Microsoft ha confermato la vulnerabilità emersa nelle ultime ore relativamente alla propria produzione per il mondo server: ad essere coinvolto è Microsoft Internet Information Services (IIS 6.0) e Secunia ha etichettato momentaneamente il problema con un giudizio di criticità moderata (SA35109).

Secondo quanto ammesso da Redmond «esiste una vulnerabilità relativa al modo in cui le estensioni WebDAV per IIS gestiscono le richieste HTTP che può portare all'acquisizione abusiva di privilegi. La falla può essere sfruttata creando una richiesta HTTP ad hoc e così avere accesso a percorsi che altrimenti richiederebbero un livello di autenticazione più elevato». La descrizione originaria del bug è in un file PDF datato 12 Maggio firmato "Kingcope".

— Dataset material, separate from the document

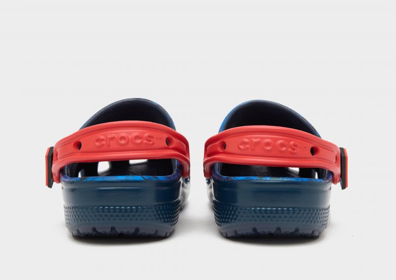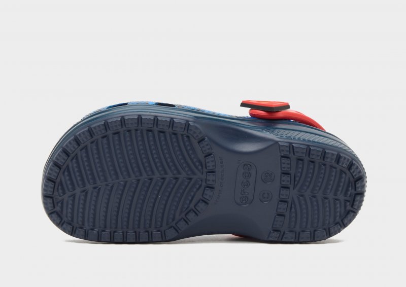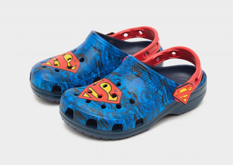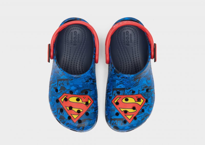 Bring die Lieblings-Superhelden deiner Kids in ihre Rotation mit den Crocs Classic Clog-Sandalen für Kleinkinder. Diese Clogs sind mit einem Superman-Print in Blau und Rot versehen und bestehen aus wasserfreundlichem und hitzebeständigem Croslite-Gewebe. Diese Sandalen verfügen über atmungsaktive Belüftungsöffnungen und einen verstellbaren Fersenriemen für sicheren Halt. Unter den Füßen sorgt die konturierte Zwischensohle mit strukturiertem Fußbett für ein geschmeidiges Laufgefühl, während die Außensohle maximalen Grip bitet. Abgerundet wird das Design durch das Superman-Logo auf dem Obermaterial und an den Seiten. Bitte beachte: Crocs fallen weit aus. Wenn du schmale Füße hast, empfehlen wir dir, eine Nummer kleiner zu wählen. Bei Crocs ist die US-Größe auf der Sohle eingeprägt.

Sempre secondo quanto diffuso dalla società non ci sono prove di attacchi che effettivamente abbiano sfruttato tale vulnerabilità che comunque sarà patchata con il consueto update mensile o anche con un aggiornamento specifico da pubblicarsi anzitempo.

A scoprire tutto quanto è stato Nikolaos Rangos e secondo quanto dichiarato dal U.S. Computer Emergency Response Team non sarebbero corrette le affermazioni di Redmond, l'attacco è stato utilizzato. Tutti i sistemi che montano IIS versione 6 con protocolli WebDAV abilitati rischiano che i loro file protetti siano visualizzabili o di vedersi uploadati file che non desiderano.

Siccome nè IIS 5 nè la versione 7 sembrano vulnerabili la casa consiglia di disabilitare i protocolli WebDAV non solo da IIS 6 ma anche da qualsiasi altro software li utilizzi, in modo da limitare i rischi fino a quando non è pronta la patch.